The BJP led a central coalition from 1998-2004 after a brief stint in power in 1996. It now governs or shares power in 12 states, in many of which it enacted laws making converting difficult or even impossible.
Although the Kanya Ashram and another residential school for boys in nearby Chakapada village say they are a social service organization, the links to the party are hard to ignore —the work of Hindu nationalist groups has been a political project as much as a religious and cultural one.
Full-time workers from these ashrams help in election canvassing, touring tribal villages and telling people to vote for the lotus flower that is the BJP’s symbol. The long-term aim of the ashrams is to have students always think of Hindutva and become automatic supporters of the BJP.
But the battle for votes is only a convenient by-product of the battle for souls which Hindu groups have fought with Christian missionaries engaged in converting tribesmen.
Christians form less than 3% of officially secular but mainly Hindu India’s 1.1 billion population.

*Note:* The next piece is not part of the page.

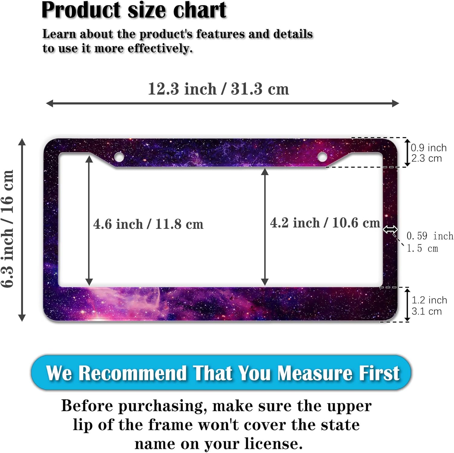 - STANDARD FRAME SIZE: Ensure a perfect fit by checking the dimensions to avoid covering your state name. These frames are specifically designed to fit standard American license plates measuring approximately 12.3" x 6.3" (16 x 31 cm). for most license plates in the U.S.

But Hindus say conversion rates are high in tribal belts where missionaries either coax or coerce the poor into changing their faith.
Christians say the Sangh Parivar uses the spectre of conversion to unite Hindus for votes.
In this tranquil village nestled in the teak forests, religious conflict seems particularly unlikely. Yet the calm is eerie, following days of religious rioting last week. Away from modernity, it is a place from another time, without electricity or tap water. Barefoot children play with cows. Women walk to a nearby market, balancing bundles of firewood on their heads, while bare-chested, sinewy men plough patches of fields.
“It’s a deceptive lull before more violence,” said Lambodara Kanhar, a leader of the Kondh tribe of Orissa’s remote Kandhamal.
Local media reports said fear of attacks was prompting many Christians among the tribes and ethnic groups to convert to Hinduism, with a ceremony involving the washing of the feet, sprinkling of holy water from the Ganga and the chanting of mantras.
Laxman Digal reconverted about two weeks ago. “Christianity couldn’t give us peace or security, so I am becoming a Hindu,” he said before a village gathering. But at his home, symbols of the faith he renounced remain—a Christian calendar, several small, metal crosses and a rosary. “There is no need for them now,” he said, putting the religious items in a steel box as neighbours peered through windows.
Whether or not Digal becomes an automatic BJP voter may never be known, but the Sangh Parivar attributes the BJP’s success among indigenous communities to “the home coming” of converts like him.
Jatindra Dash contributed to this story.